===== Information given =====

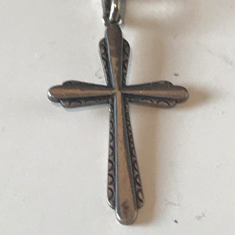 Antikk ustemplet sølv kors med gammelt sølvkjede. Korset har bruksspor i form av små riper og noen få bulker. Mål på korset er 59,8 x 35 x 2,8 mm. Kjedet er fullstemplet og har en lengde på ca 47 cm og bredde 2 mm. Vekt totalt er 9,3 gram.
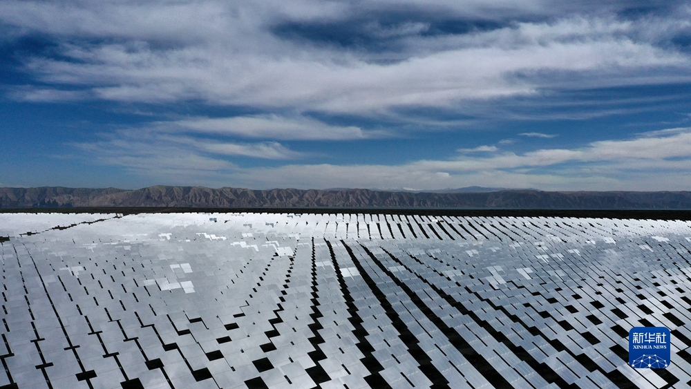 陽(yáng)光照射蔚藍(lán)的電池板,光能便轉(zhuǎn)化成源源不斷的電能;風(fēng)力發(fā)電機(jī)的葉片迎風(fēng)飛轉(zhuǎn),風(fēng)被“捕捉”進(jìn)一條條輸電線;百米高的吸熱塔和“鏡子海洋”組成熔鹽塔式光熱電站,科技感與綠色減碳有機(jī)結(jié)合……
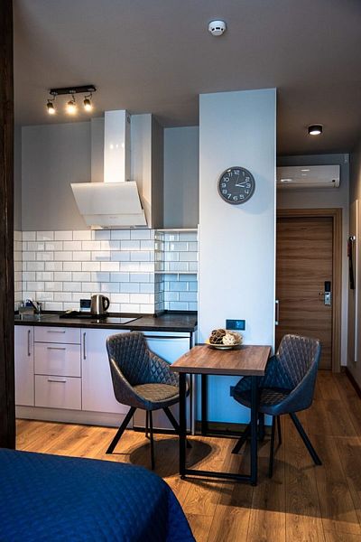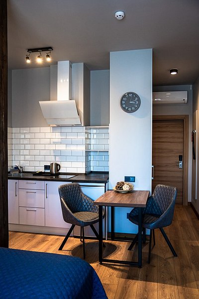 Двухместный номер с двуспальной кроватью и кухонной зоной
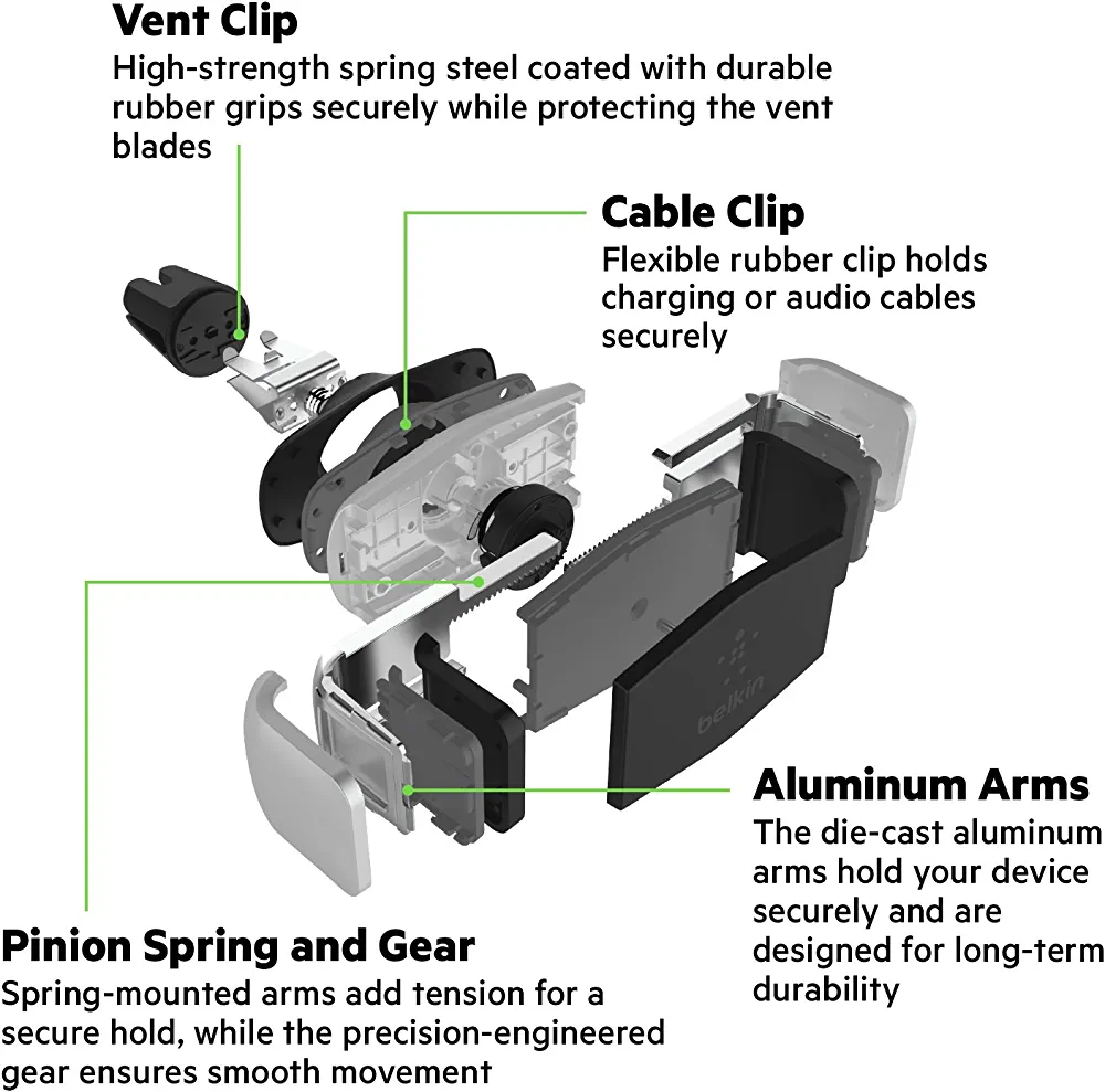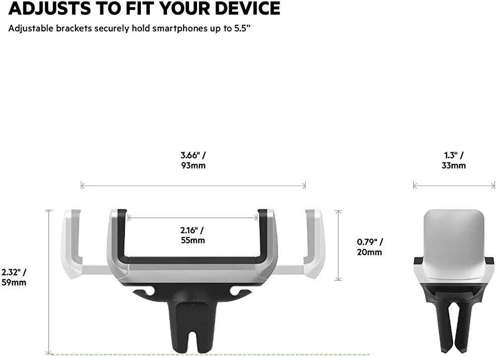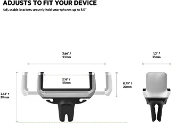 The Belkin Car Vent Mount is a must-have for hassle-free cable management and easy phone access while driving. Its precision-crafted design features die-cast arms and a matte finish for a sleek look. The mount can be adjusted to fit almost any smartphone, with a low-profile design that clips onto most vents. It accommodates cases up to 3mm thick and expands to fit screen sizes up to 5.5 inches. The mount also features a 180-degree rotation design, allowing you to position your phone in portrait or landscape mode for optimal viewing. Use portrait mode for hands-free calls or charging, and landscape mode for navigation apps.
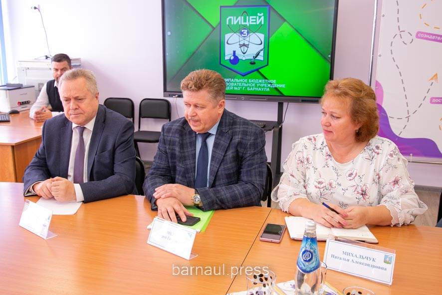 Образование и наукаНа базе лицея №3 прошло заседание Совета директоров муниципальных общеобразовательных организаций города Барнаула. В нем приняли участие глава города Вячеслав Франк, заместитель главы администрации города по социальной политике Александр Артемов, руководители и специалисты комитета по образованию.
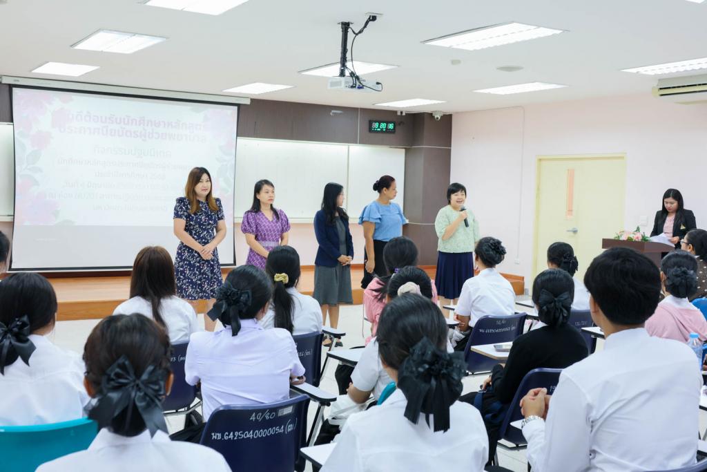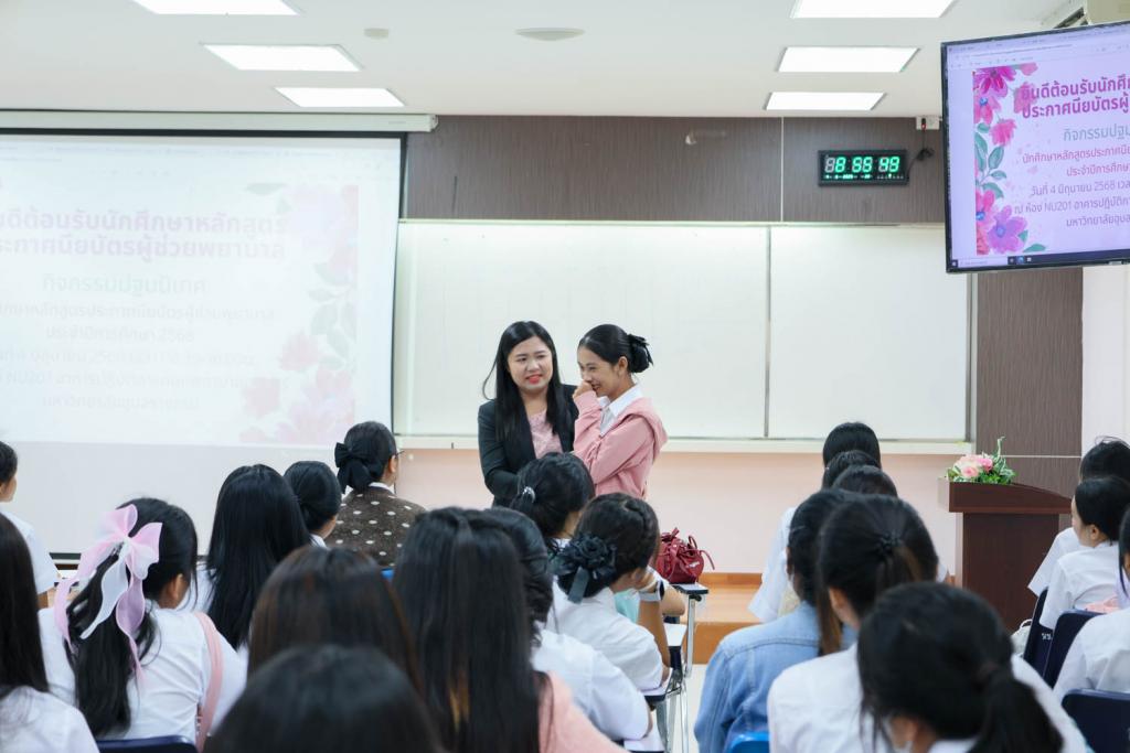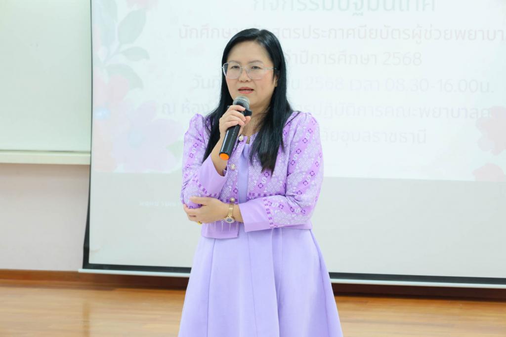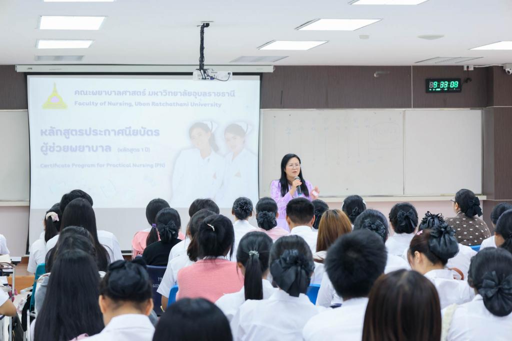 คณะพยาบาลศาสตร์ มหาวิทยาลัยอุบลราชธานี จัดกิจกรรมปฐมนิเทศนักศึกษาใหม่ หลักสูตรประกาศนียบัตรผู้ช่วยพยาบาล (รุ่นที่ 10) ประจำปีการศึกษา 2568 ณ ห้อง 201 อาคารคณะพยาบาลศาสตร์ โดยมีผู้ช่วยศาสตราจารย์ธมกร เธียรภูริเดช รองคณบดีฝ่ายวิชาการ ผู้แทนคณบดี ให้เกียรติกล่าวต้อนรับนักศึกษาอย่างอบอุ่น
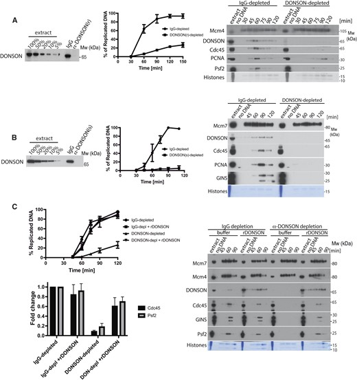Figure 2. DONSON is essential for DNA replication in X.laevis egg extract. (A, B) Xenopus egg extract was immunodepleted of DONSON using either rabbit α-DONSON antibodies (A) or sheep α-DONSON antibodies (B). Nonspecific rabbit or sheep commercial IgGs were used for control IgG– depletions. The efficiency of depletion was established by immunoblotting in comparison to titration of original extract (left). The ability of immunodepleted extracts to synthesise nascent DNA was analysed by incorporation of α32P-dATP into newly synthesised DNA (middle). Mean of n = 5 for rabbit DONSON depletion, n = 3 for sheep DONSON depletion is presented with SEM. The binding of replication fork factors in the absence of DONSON was analysed by immunoblotting of isolated chromatin fractions as in Figure 1B (right). (C) Replication reaction was set up in IgG- or DONSON-depleted extracts with optional addition of recombinant wt DONSON. The level of nascent DNA synthesis was followed as above (left top, n = 3, Mean with SEM is presented) and chromatin was isolated at indicated times and analysed by immunoblotting with indicated antibodies as in (A) (right). Quantification of fold change of chromatin bound Cdc45 and Psf2 at the peak of replication in IgG- and DONSON-depleted extract with optional addition of rDONSON over n = 3. The levels were normalised to level in IgG-depleted extract. Mean with SEM (left, bottom).
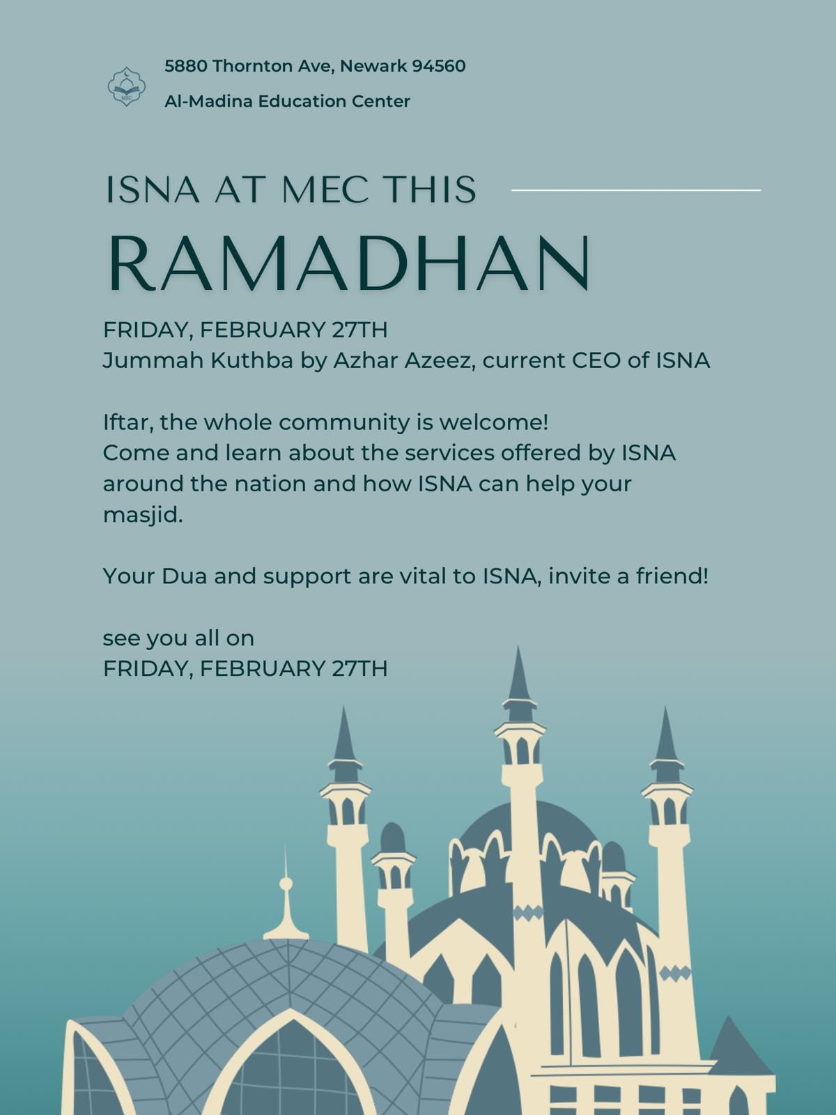 12 Feb 2026 1 min read ISNA CEO @ MEC Photo by Afdhal N. / Unsplash Join use for Iftar Friday February 27th. Azhar Azeez, the current CEO of ISNA will be joining us. Learn about the services offered by ISNA around the nation and how ISNA can help your masjid.
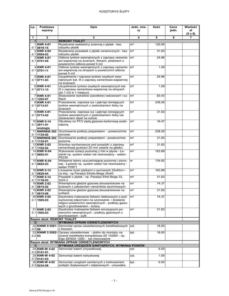 KOSZTORYS ŚLEPY Lp. Podstawa wyceny Opis Jedn. mia
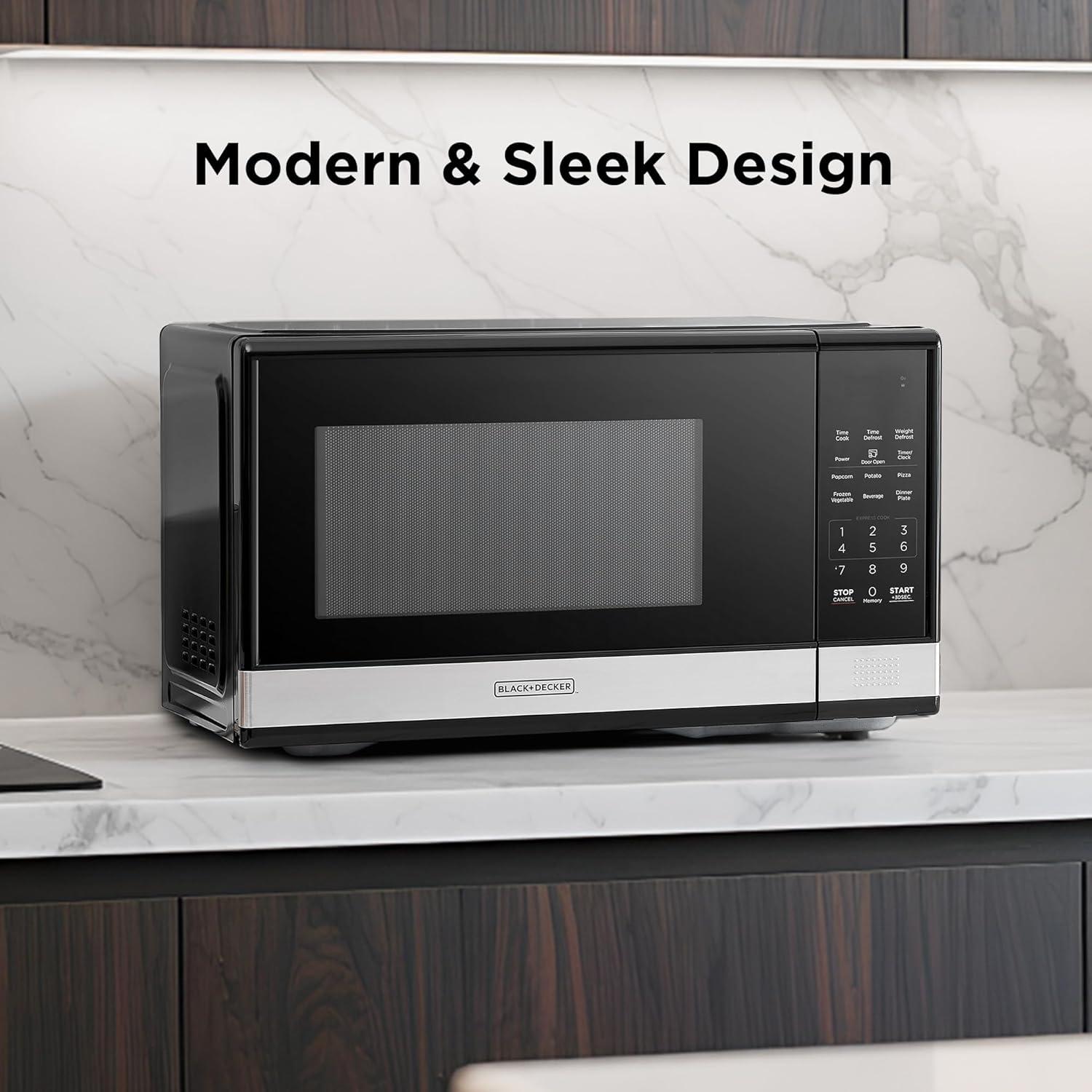 imageBLACKDECKER EM031MB11 Digital Microwave Oven with Turntable PushButton Door Child Safety Lock 1000W 11cuft Black ampamp Stainless Steel 11 Cuft11 Cuft

=====

From the line holding "陽(yáng)光照射蔚藍(l" to the line holding "The Belkin Car", both included, retype the entries above exactly and drop the pictures.

Expected answer –
 陽(yáng)光照射蔚藍(lán)的電池板,光能便轉(zhuǎn)化成源源不斷的電能;風(fēng)力發(fā)電機(jī)的葉片迎風(fēng)飛轉(zhuǎn),風(fēng)被“捕捉”進(jìn)一條條輸電線;百米高的吸熱塔和“鏡子海洋”組成熔鹽塔式光熱電站,科技感與綠色減碳有機(jī)結(jié)合……
 Двухместный номер с двуспальной кроватью и кухонной зоной
 The Belkin Car Vent Mount is a must-have for hassle-free cable management and easy phone access while driving. Its precision-crafted design features die-cast arms and a matte finish for a sleek look. The mount can be adjusted to fit almost any smartphone, with a low-profile design that clips onto most vents. It accommodates cases up to 3mm thick and expands to fit screen sizes up to 5.5 inches. The mount also features a 180-degree rotation design, allowing you to position your phone in portrait or landscape mode for optimal viewing. Use portrait mode for hands-free calls or charging, and landscape mode for navigation apps.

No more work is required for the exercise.